▶ [WHAT NEEDS TO BE DONE]:
Using the data below, reproduce exactly the lines from the line with "Second Place Tigers Renata Kleinert" to the line with "Inglewood City Councilman", both included; pictures must be dropped.

▶ [DATA FOR REVIEW]:

= Beginning of Section =

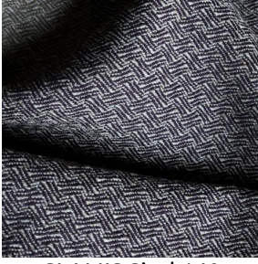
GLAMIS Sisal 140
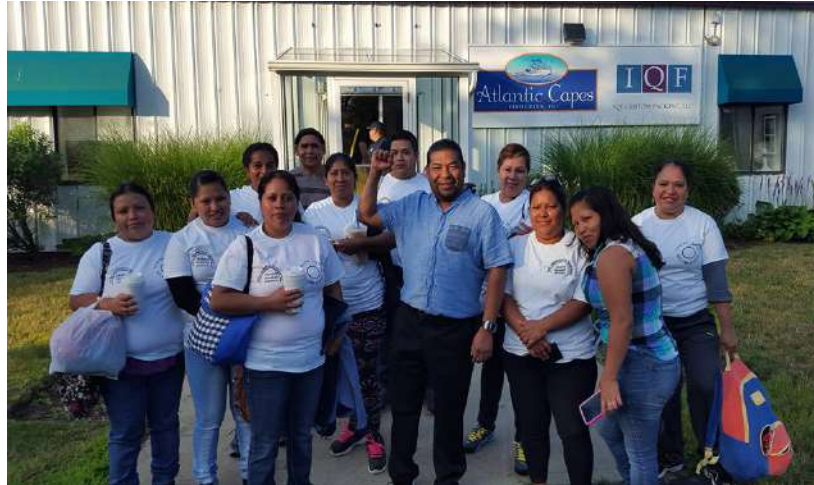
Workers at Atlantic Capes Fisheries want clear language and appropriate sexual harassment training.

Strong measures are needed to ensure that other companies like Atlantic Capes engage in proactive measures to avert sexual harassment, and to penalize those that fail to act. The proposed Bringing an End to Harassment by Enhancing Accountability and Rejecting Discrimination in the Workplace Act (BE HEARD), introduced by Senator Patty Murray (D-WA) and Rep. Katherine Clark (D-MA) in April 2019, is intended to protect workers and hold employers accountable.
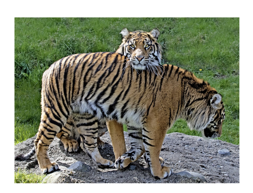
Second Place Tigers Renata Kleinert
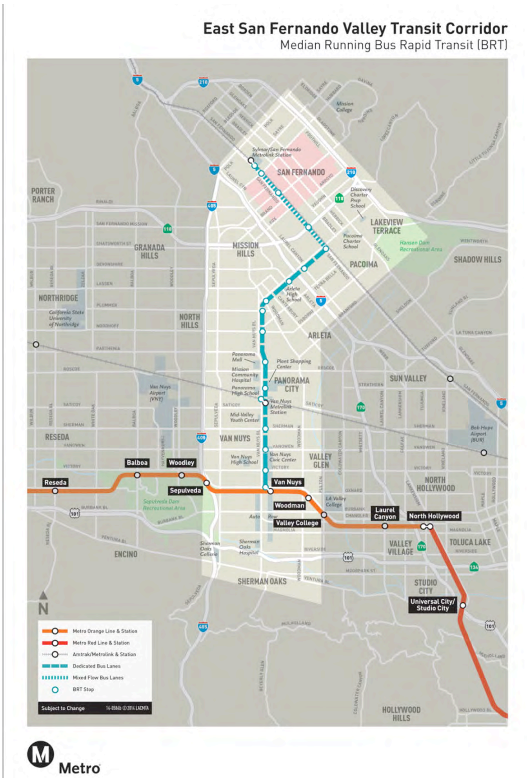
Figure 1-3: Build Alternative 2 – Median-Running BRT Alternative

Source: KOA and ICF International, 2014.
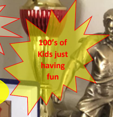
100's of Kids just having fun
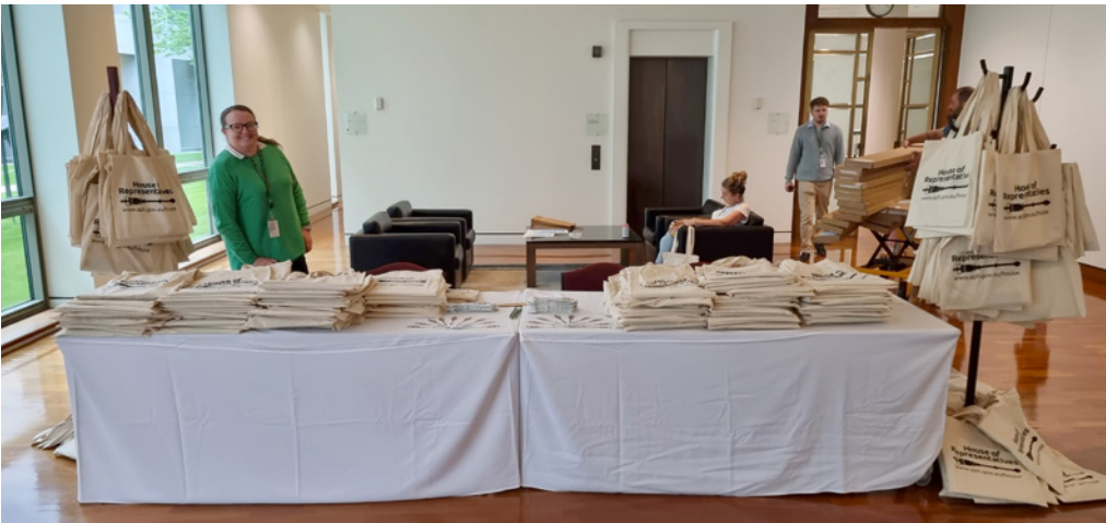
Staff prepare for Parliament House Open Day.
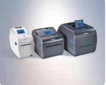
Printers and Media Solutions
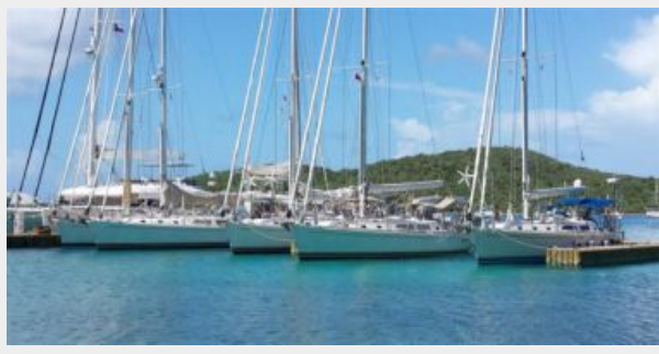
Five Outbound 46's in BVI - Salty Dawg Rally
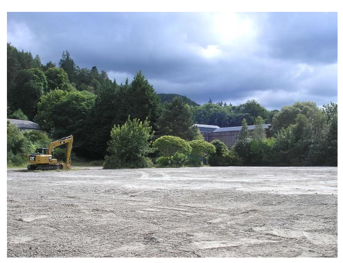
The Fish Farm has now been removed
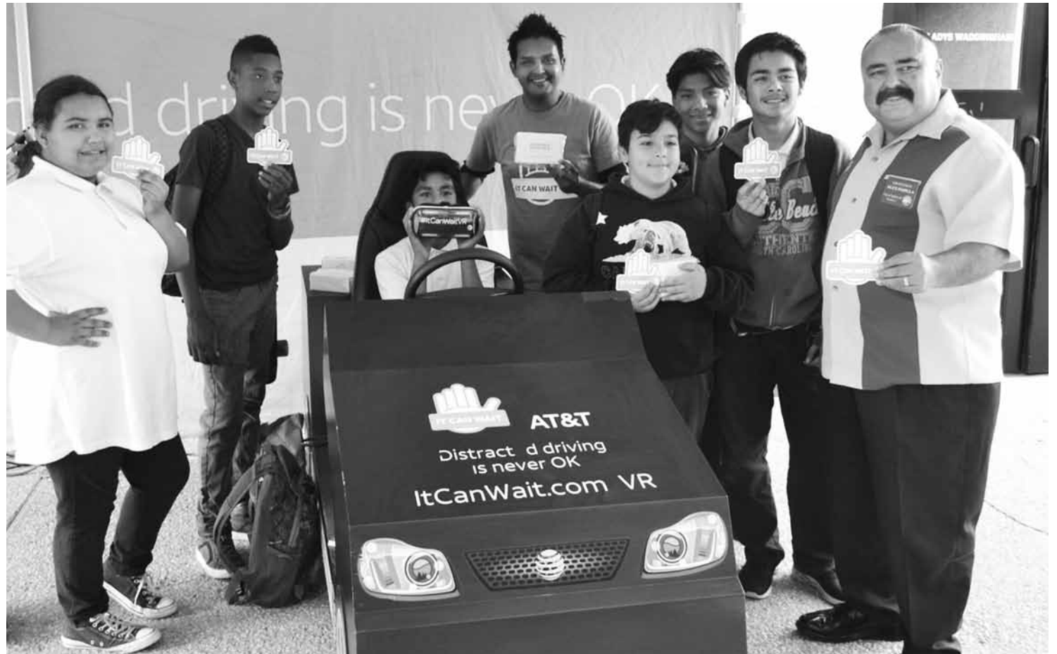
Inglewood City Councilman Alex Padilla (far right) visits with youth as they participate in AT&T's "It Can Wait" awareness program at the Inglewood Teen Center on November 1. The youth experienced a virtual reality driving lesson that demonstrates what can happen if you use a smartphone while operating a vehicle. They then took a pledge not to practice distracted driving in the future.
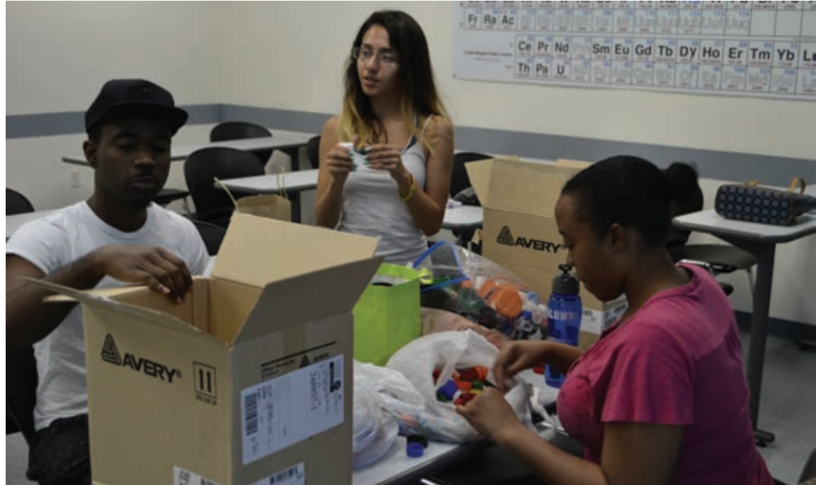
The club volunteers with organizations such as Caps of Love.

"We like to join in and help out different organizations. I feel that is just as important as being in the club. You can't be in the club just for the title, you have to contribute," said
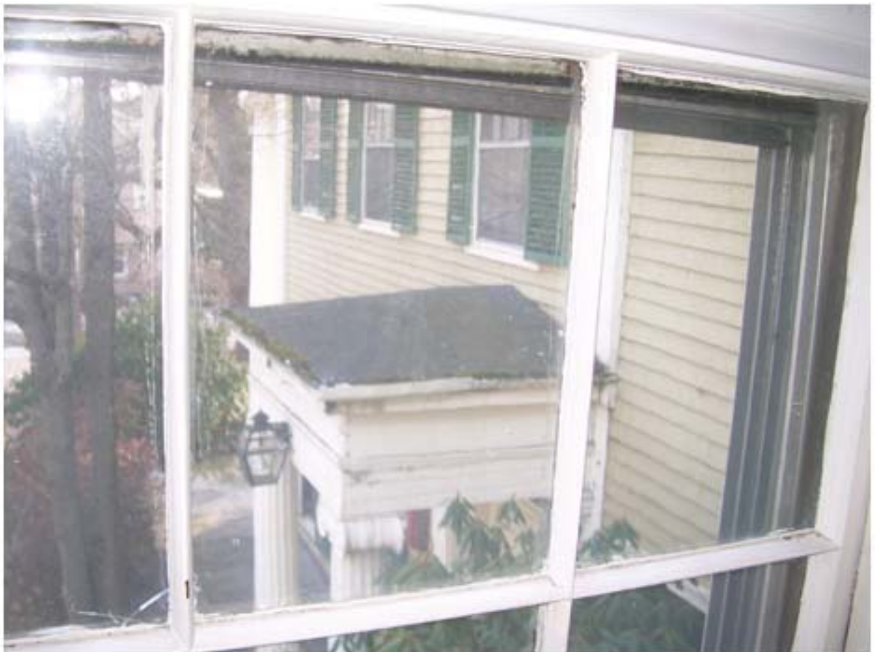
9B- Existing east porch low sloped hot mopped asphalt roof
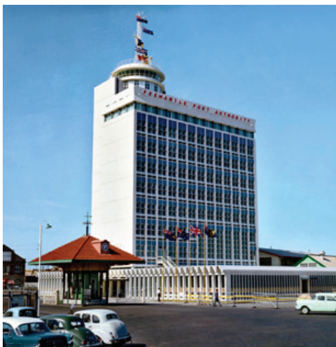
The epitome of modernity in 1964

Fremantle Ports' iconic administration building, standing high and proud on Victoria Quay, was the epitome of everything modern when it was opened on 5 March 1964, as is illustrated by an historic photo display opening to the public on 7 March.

= End of Section =
= Beginning of Section =

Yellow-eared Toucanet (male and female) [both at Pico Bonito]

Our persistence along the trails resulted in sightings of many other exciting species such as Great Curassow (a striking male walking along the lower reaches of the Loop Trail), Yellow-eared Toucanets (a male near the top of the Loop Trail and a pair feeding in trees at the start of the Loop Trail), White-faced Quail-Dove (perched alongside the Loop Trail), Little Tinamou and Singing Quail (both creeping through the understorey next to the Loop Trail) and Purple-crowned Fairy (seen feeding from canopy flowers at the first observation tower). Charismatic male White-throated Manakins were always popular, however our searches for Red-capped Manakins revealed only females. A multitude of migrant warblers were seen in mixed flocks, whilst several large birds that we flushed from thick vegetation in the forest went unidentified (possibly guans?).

= End of Section =

▶ [EXERCISE RESPONSE]:
Second Place Tigers Renata Kleinert
Figure 1-3: Build Alternative 2 – Median-Running BRT Alternative

Source: KOA and ICF International, 2014.
100's of Kids just having fun
Staff prepare for Parliament House Open Day.
Printers and Media Solutions
Five Outbound 46's in BVI - Salty Dawg Rally
The Fish Farm has now been removed
Inglewood City Councilman Alex Padilla (far right) visits with youth as they participate in AT&T's "It Can Wait" awareness program at the Inglewood Teen Center on November 1. The youth experienced a virtual reality driving lesson that demonstrates what can happen if you use a smartphone while operating a vehicle. They then took a pledge not to practice distracted driving in the future.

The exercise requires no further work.